How do I solve a Partial Fraction Problem?

[jdawg]

Homework Statement

∫(5x²+20x+6)/(x³+2x²+x

Homework Equations

The Attempt at a Solution

(5x²+20x+6)/(x³+(x(x²+2x+1)

(5x²+20x+6)=(A/x)+(B/(x+1))+(C/(x+1))

(5x²+20x+6)=x²(A+B+C)+x(2A+B+C)+A

5=A+B+C
20=2A+B+C
6=A

It's not coming out quite right. Did I maybe factor the denominator incorrectly?

 

[LCKurtz]

Homework Statement

∫(5x²+20x+6)/(x³+2x²+x

Homework Equations

The Attempt at a Solution

(5x²+20x+6)/(x³+(x(x²+2x+1)

(5x²+20x+6)=(A/x)+(B/(x+1))+(C/(x+1))

You want$$
\frac{5x^2+20x+6}{x(x+1)^2}=\frac A x + \frac{Bx+C}{(x+1)^2}$$

 

[jdawg]

Ohh! But wouldn't you need one for x+1?:

A/x + (Bx+C)/(x+1)² + (Dx+E)/(x+1)

 

[Dick]

Ohh!
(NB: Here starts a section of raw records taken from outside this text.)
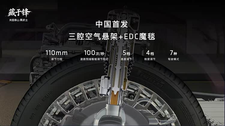 外观部分,泰山黑武士版纯黑车漆搭配全套熏黑套件营造暗藏锋芒的整体基调,玄镜万象格栅采用全镜面高光黑化工艺打造,周围景色在镜面上流转映照,隐喻侠者面对周遭繁杂而巍然不动的霸气;天地星芒轮毂经10道核心工序加工,采用专属PVD黑亮镀膜工艺提升品质,将“重”与“灵”完美融合,打造举重若轻之感。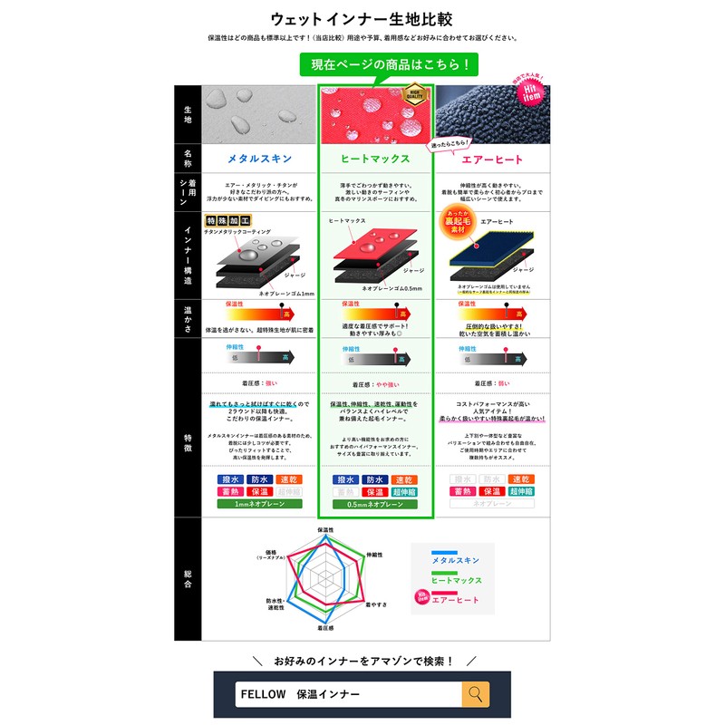 FELLOW Heat Max Thermal Inner, 0.02 inch (0.5 mm), Short John, Men's Surfing, Brushed Lining, Wetsuit, Semi-Dry Suit, Inner Sup, Japanese Standard, ML Size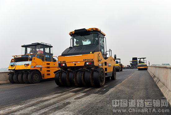 在该项目S1标沙溪信江大桥施工现场,笔者看到一辆辆载满沥青砼的运输车辆来回穿梭,大型摊铺机将灼热的沥青砼缓缓铺到桥面,3台双钢轮压路机、2台胶轮压路机尾随其后往来碾压,整个工地马达轰鸣,机声阵阵,热火朝天。
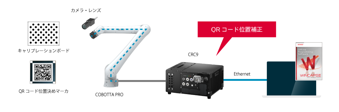 作業台に貼り付けされたQRコード位置決めマーカをカメラで認識し、再ティーチングすることなく座標を補正します。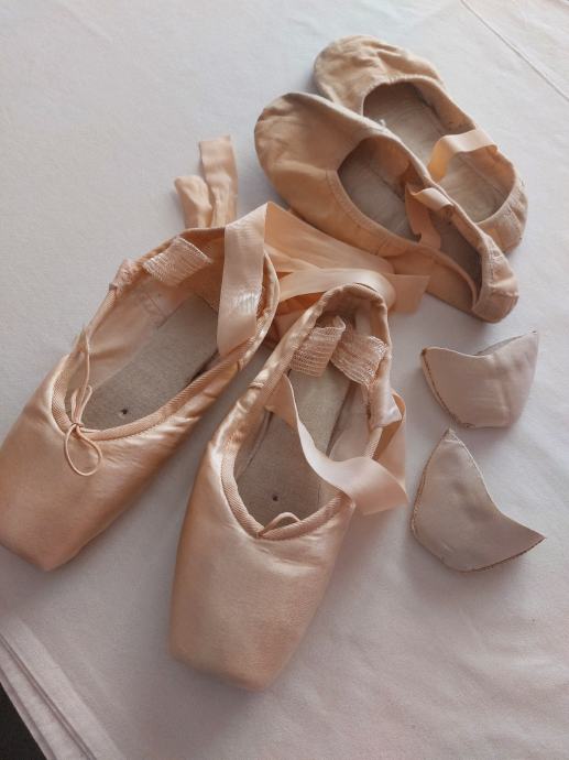 Za nogu velicine 36. Uz njih poklanjam 2 para baletnih papucica br 33 i 36, više suknjica od tila, donji dio trenerke, rozu torbu za trening i razne dodatke...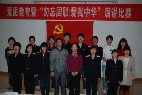 为了贯彻校区关于加强学生素质教育的工作要求和安排,政治教研室根据素质教育的实施方案和国际国内形势,结合思想政治理论课的教学内容,以第二课堂活动为载体,以提升学生综合职业素质为目标。于12月2日下午组织2010级、2009级学生进行以“勿忘国耻,爱我中华”为主题的演讲比赛。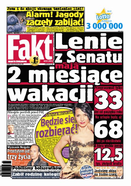 Rozmowa z Pawłem Grasiem na temat afery związanej z krzyżem sprzed Pałacu Prezydenckiego; polscy senatorowie biją rekordy lenistwa; Bronisław Komorowski pracuje już w pałacu; urzędnicy NFZ wydają 300 tys. zł na auta dla siebie; wspomnienie wielkiej Bitwy Warszawskiej z 1920 roku; jagody z polskich lasów są zagrożeniem dla ludzkiego życia; szokujący wywiad z Nergalem; Polonia Warszawa zmiażdżyła Legię 3:0.

But wouldn't you need one for x+1?:

A/x + (Bx+C)/(x+1)² + (Dx+E)/(x+1)

No, you only need three independent variables. You could write it as $$\frac A x + \frac{Bx+C}{(x+1)^2}$$ as LCKurtz did, or you could write it as $$\frac A x + \frac{B}{(x+1)^2}+\frac{C}{(x+1)}$$.

 

[jdawg]

Oh ok! Thanks for clearing that up :)